> [Action item]
Reproduce every line of the material below exactly. No pictures belong in the copy.

====== Recorded information

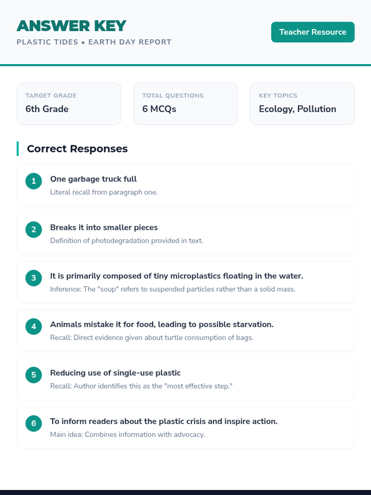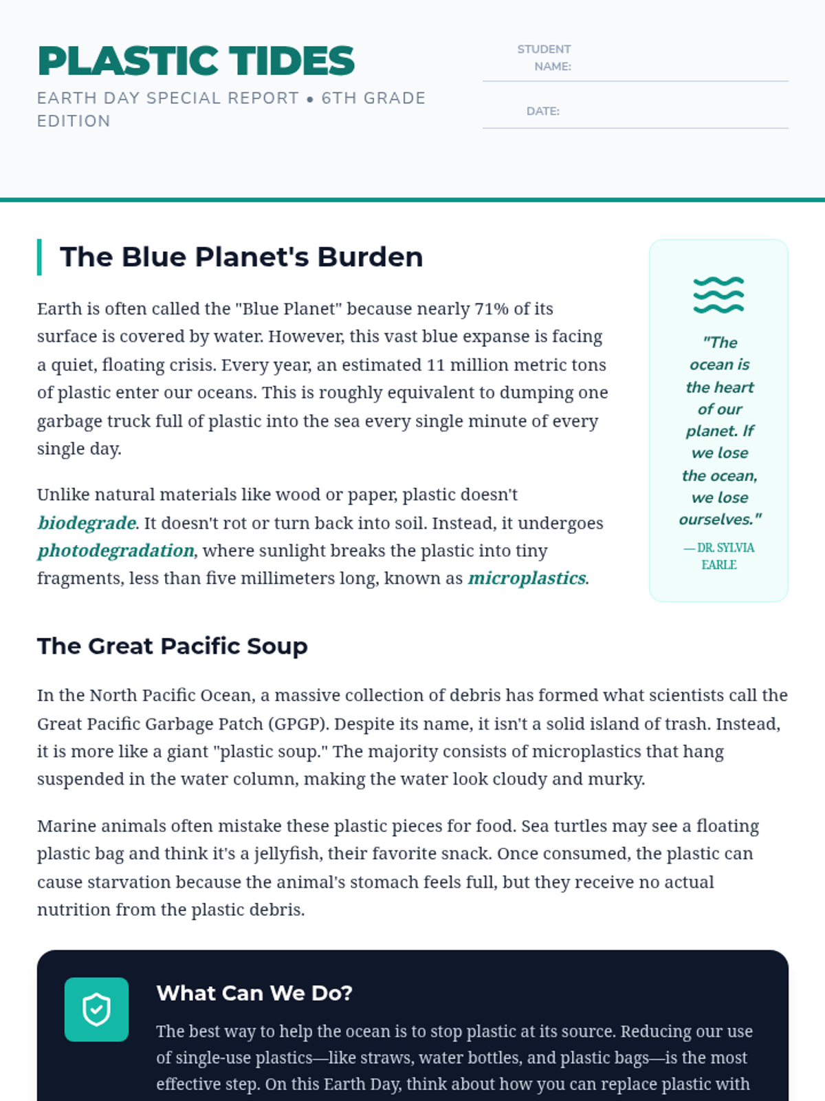 This lesson explores the impact of plastic pollution on marine ecosystems, focusing on the Great Pacific Garbage Patch and microplastics, while encouraging students to take action for Earth Day.
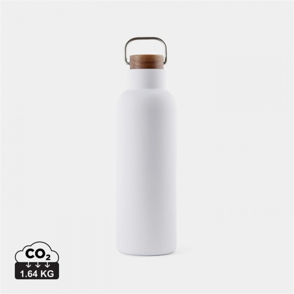 Termoska s uzáverom z akáciového dreva s kovovým pútkom. RCS je globálny štandard, ktorý umožňuje overiť použitie recyklovaného materiálu. Podiel recyklátu: 76%. Fľaša sa dá ľahko čistiť, iba na ručné umývanie. FSC® kraftová krabička
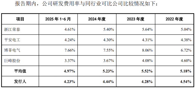 对比同行来看,固德电材的研发费用率低于行业均值。2022年、2023年、2024年及2025年上半年(以下简称报告期内),公司研发费用占各期营业收入的比例在4.4%左右,低于同期行业均值约5.2%的水平。
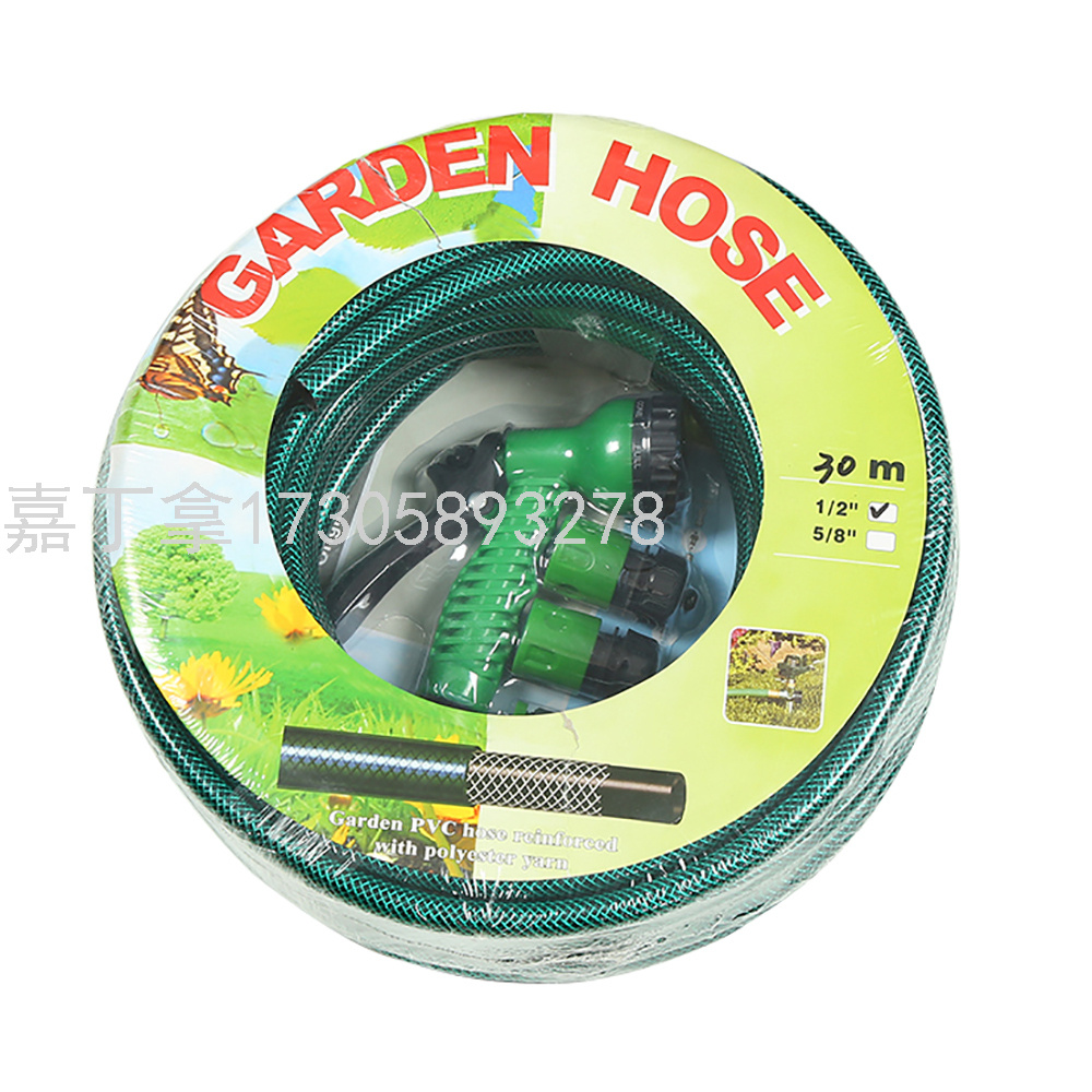 1/2寸绿色花园灌溉水管带4PCS水枪接头套装 园林浇水水管 20M

============

> [Result below]
 This lesson explores the impact of plastic pollution on marine ecosystems, focusing on the Great Pacific Garbage Patch and microplastics, while encouraging students to take action for Earth Day.
 Termoska s uzáverom z akáciového dreva s kovovým pútkom. RCS je globálny štandard, ktorý umožňuje overiť použitie recyklovaného materiálu. Podiel recyklátu: 76%. Fľaša sa dá ľahko čistiť, iba na ručné umývanie. FSC® kraftová krabička
 对比同行来看,固德电材的研发费用率低于行业均值。2022年、2023年、2024年及2025年上半年(以下简称报告期内),公司研发费用占各期营业收入的比例在4.4%左右,低于同期行业均值约5.2%的水平。
 1/2寸绿色花园灌溉水管带4PCS水枪接头套装 园林浇水水管 20M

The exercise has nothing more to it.